50 years! It was beyond my capabilities, in a single exhibition, to summarise the story of a lifetime, of experiences lived, and of how art has been able, since Pier Paolo Calzolari’s first exhibition in 1975, to change my way of seeing the world and my thinking. Hence the idea of spreading out the visions that I summarised in the three group exhibitions entitled Vue d’ensemble: imaginaries in dialogue (Part I) (Part II) and (Part III) over the past three years, right up to the present.
The works have interacted with each other in varying ways across these exhibitions, always offering a glimpse of a different moment in the work of each individual artist.

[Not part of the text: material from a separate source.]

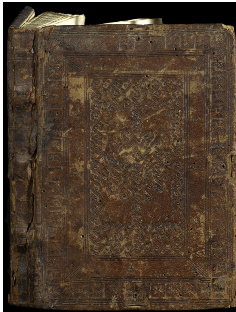
Milano, Archivio Storico Civico e Biblioteca Trivulziana, Cod. Triv. 796 (piatto anteriore)

At the same time, solo exhibitions were organised both in Torre Pellice and in Turin, in chronological order, by Jan Vercruysse, Conrad Shawcross, Robin Rhode, Marisa Merz, Daniel Buren, Alfredo Pirri, Gilberto Zorio, Richard Long, Christiane Löhr, Gianni Caravaggio, Mario Airò – currently on display in Turin – and Tony Cragg with the exhibition Ge(schichte), opening on 5 October, in conjunction with Part III of Vue d’ensemble. I have vivid memories of the first exhibition with Tony Cragg in 1984, when Tony arrived for the first time at the then gallery site in Corso Tassoni after a long and very fast car journey. I like to think that the title chosen by the artist for the current exhibition is also a tribute to the gallery on this special occasion. In German, the Ge- prefix often refers to a collection of things, and Schicht means layer, a set of layers, metaphorically an overlapping of events, things that have happened, becoming a story: Geschichte. Having satisfied this personal desire of mine, I think more concretely about his work. Stack (Schicht - layer) is a title that has accompanied him since his early works, in which overlapping elements present a taxonomic view of the world. He himself has stated that he considers man-made objects to be “fossilised keys to a past time that is our present”. Similarly, the arrangements of objects on the floor and walls that he began to create in the 1980s blur the boundary between artificial and natural landscapes: they create the outline of something familiar, where the individual parts are inextricably linked to the whole. Cragg understands sculpture as a study of how materials and concrete forms influence and shape our ideas and emotions. The human figure is the prime example of something that ultimately seems organic and elicits emotional responses, yet is fundamentally an extremely complex geometric composition of molecules, cells, organs and processes. His work does not imitate nature and our appearance, but rather focuses on why we look the way we do and why we are the way we are.
The works on display, from Riot (1987) to the most recent, Incident, Stand, Hedges, testify to the artist’s ongoing exploration of the energy that is inherent in matter, whether organic or inorganic, which permeates the whole world.
In a dedicated room, the exhibitions are accompanied by a series of projections recounting our story – mine and Tucci’s – together with the artists from 1975 to the present day.